A square aluminium rod is $1m$ long and $5mm$ on edge. What must be the radius of another aluminium rod whose length is $1m$ and which has the same resistance as the previous rod?
A. ${\text{5}}{\text{.0mm}}$
B. ${\text{4}}{\text{.2mm}}$
C. ${\text{2}}{\text{.8mm}}$
D. ${\text{1}}{\text{.4mm}}$

Answer 1

Resistance is measured in resistivity. The electrical resistance of the conductor is directly proportional to the length of the conductor and inversely proportional to the area of the cross-section. It can be expressed as $R = \dfrac{{\rho L}}{A}$ where $\rho$ is the resistivity of the material.

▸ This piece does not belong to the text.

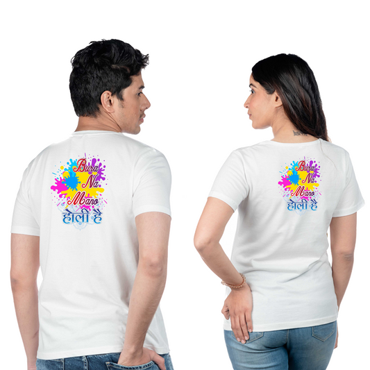 Chombooka Colorful Couple Polyester Holi Printed T-Shirts: Celebrate Together in Style | Bura Na Mano Holi Hai (Pack Of 2)

Complete step by step answer:
Let us suppose that the radius of the aluminium rod is $= r$
The radius of the another rod is $= r'$
Given that both the rods have the same length.
Therefore, $l = l' = 1m$
Since, both the rods are made up of the same material. Therefore they have the same resistivity.
$\rho = \rho '$
Hence, the resistance of both the rods are also equal.
$R = R'$
$\Rightarrow \dfrac{{\rho l}}{A} = \dfrac{{\rho 'l'}}{{A'}}$
Take common factors from both the sides of the equations and remove them.
$\Rightarrow A = A'$
$\pi r{'^2} = {\left( 5 \right)^2}$
Simplify the above equation and make the unknown radius r’ the subject –
$r{'^2} = \dfrac{{25}}{{\dfrac{{22}}{7}}} \\\ \implies r{'^2} = \dfrac{{25 \times 7}}{{22}} \\\ \implies r{'^2} = \dfrac{{175}}{{22}} \\\$
Take square-root on both the sides of the equation –
$\sqrt {r{'^2}} = \sqrt {\dfrac{{175}}{{22}}}$
Square and square-root cancel each other on the left hand side of the equation –

$$r' = \sqrt {7.95} \\\ r' = 2.81mm \\\$$

So, the correct answer is “Option C”.

Note:
Always check the given units for all the terms. Note down all the given terms and unknown terms and find the correlation amongst them for the required solution. Remember the basic formulas and the properties of physical terms to solve these types of word problems. Know the basic difference between the resistance and resistivity.